Last but not least, Keynseianism did not successfully manage the crisis: it returned in full force in the late sixties and blossomed in the seventies.  The return of the crisis was what made the shift away from Keynesianism to neo-liberalism and globalism necessary for the bourgeoisie.  Doing so was the only way in which the bourgeoisie could continue to profit in decomposing capitalism.  This fact lays bare the real nature of globalization.  It is not some sort of "rupture" with the past, but in fact a deliberate a considered revision of state capitalist policy.
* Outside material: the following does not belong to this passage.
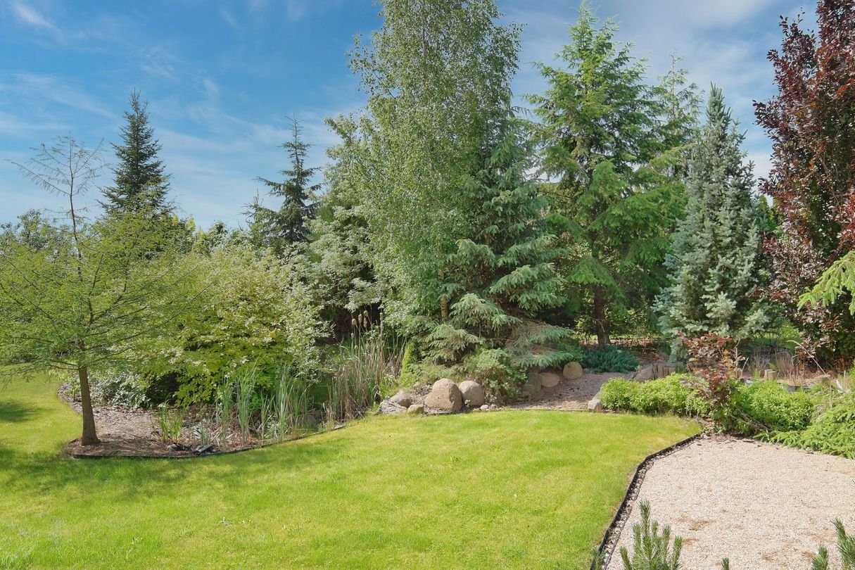 Pięknie zagospodarowany, słoneczny ogród z systemem nawadniającym - od tyłu graniczący z naturalną łąką.
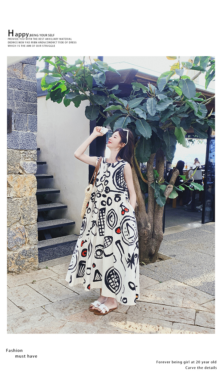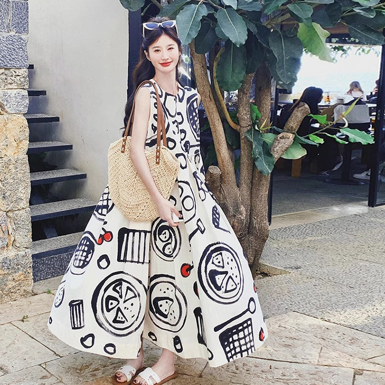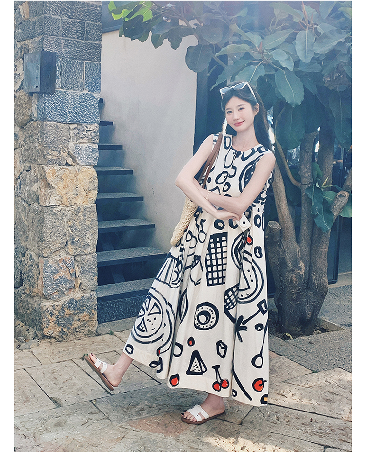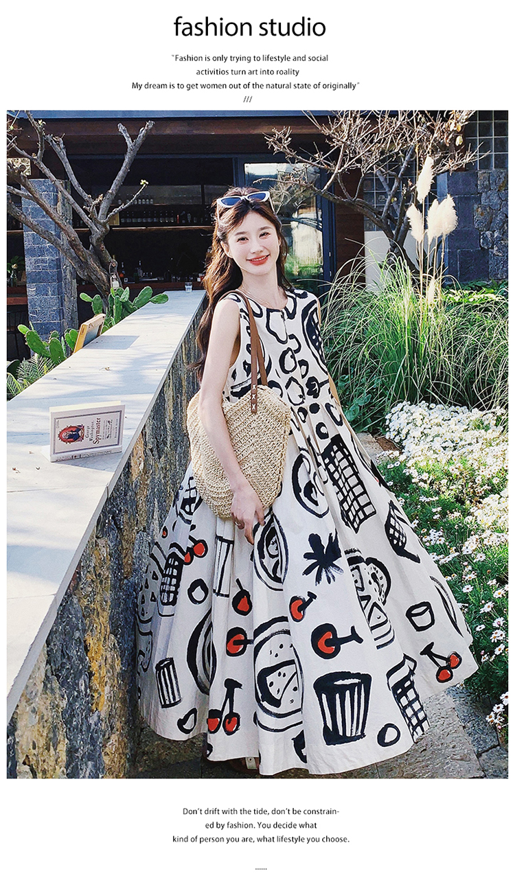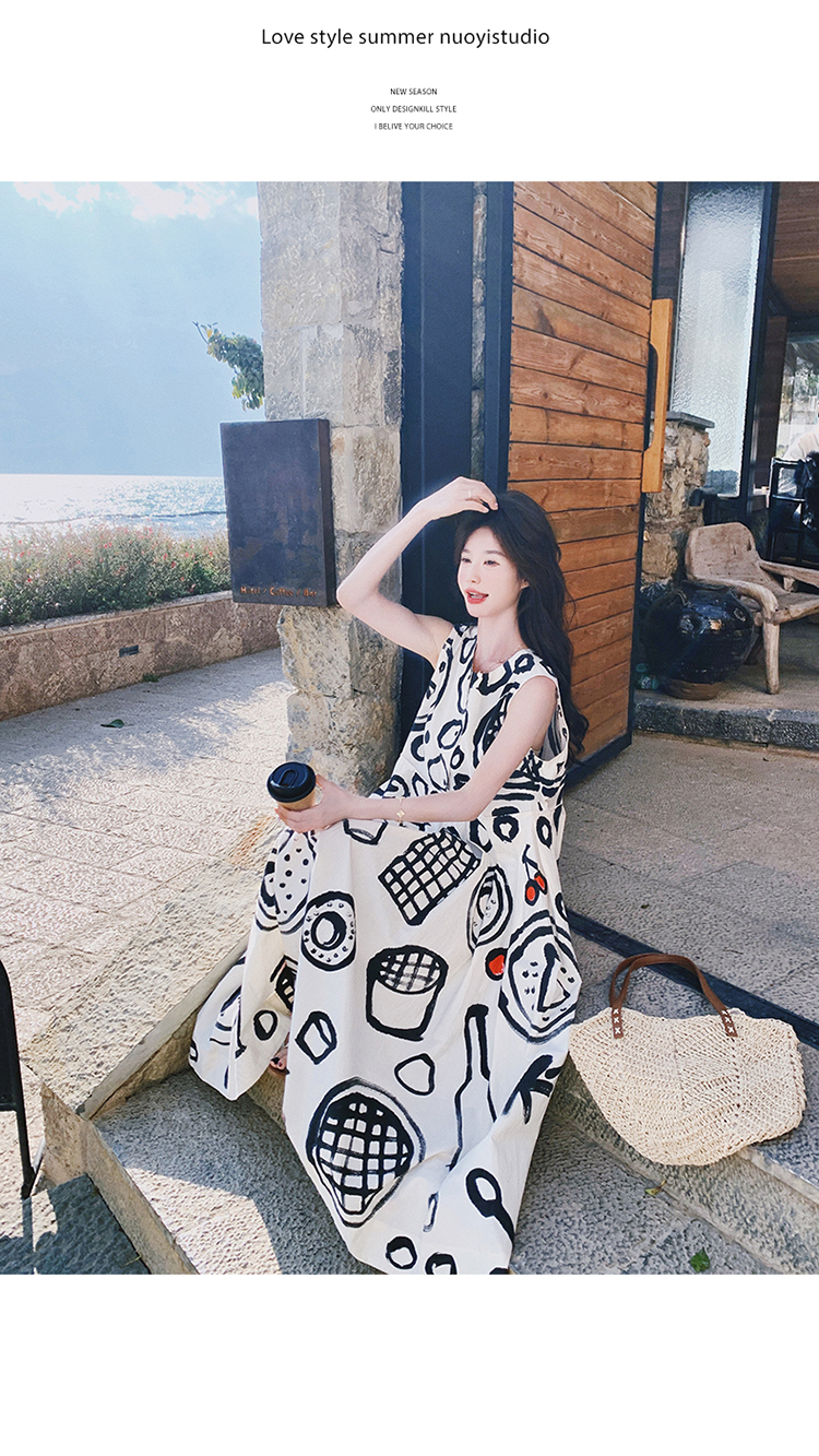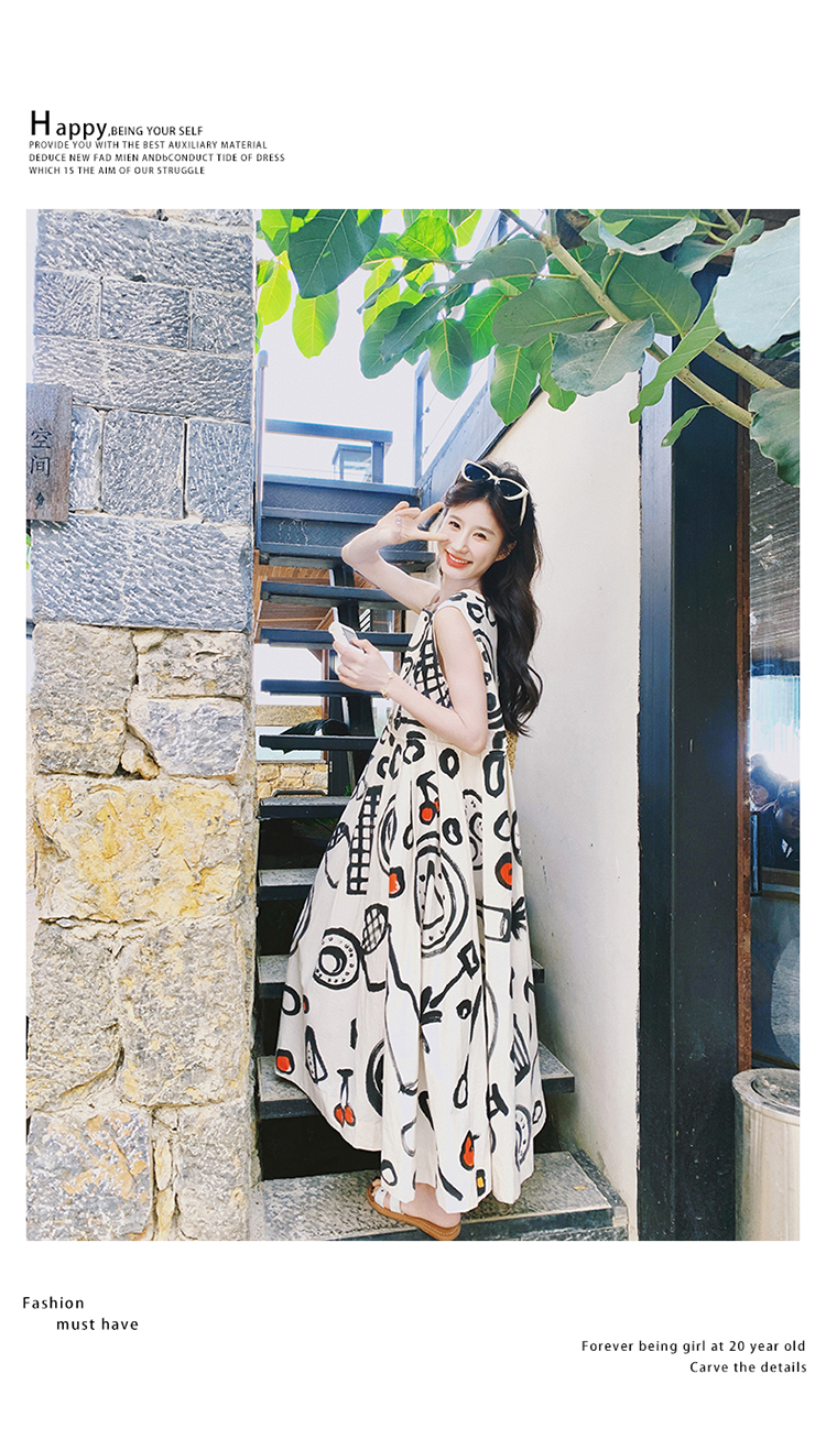 【ワンピース】デザイン感ある フレアノースリーブワンピース 夏新作 リゾート風ワンピース【SHシリーズ】

An internationalist perspective

Clearly, globalist policies represent an attack on the working class.  In the metropolis, globalism means plant closures, layoffs, wage reductions, and other attacks on living conditions meant to reduce the portion of revenue that goes toward wages and thus maintain profitability.  In the developing countries, globalism means vicious exploitation, the workers in these countries lacking the safety nets that the workers in the metropoles won for themselves during capitalism's ascendance, and which capitalism is trying to destroy.  Thus, even though globalism does not represent anything fundamentally new, in the sense that it is merely another in a long line of state capitalist strategies for managing the economic crisis, it is necessary for revolutionary minorities to formulate a theoretical response, just as the working class finds it necessary to mobilize in defense of its living conditions.  In doing so it is important to guard jealously the traditional internationalist principles of the Communist Left: no compromise with participators in bourgeois government or cheerleaders for imperialist war.  It is on this basis that the ICC denounces as bourgeois mystifications the World Social Forum and its offspring, the major "anti-globalist" forces in existence today, even as it intervenes in order to rescue some of the individuals who are there searching for a revolutionary perspective against capitalism.

It is also on this basis that revolutionaries must intervene in the open class struggle, in order to combat the nationalist, anti-immigrant, and racist attitudes with which capital tries to derail workers' struggles.  However, it is important to recognize that just as globalism represents a material attack on workers' living conditions and just as its fraternal twin, anti-globalism attempts to derail their response onto nationalist grounds, the open identification of capital as an international relation represents an opportunity for the working class.  Just as capital is international, so is the working class, and the open identification of one leads to the realization of the other.  The proletariat's response to globalization must be and can only be the defense of its living conditions, the linking up with other workers, that is, the international class struggle.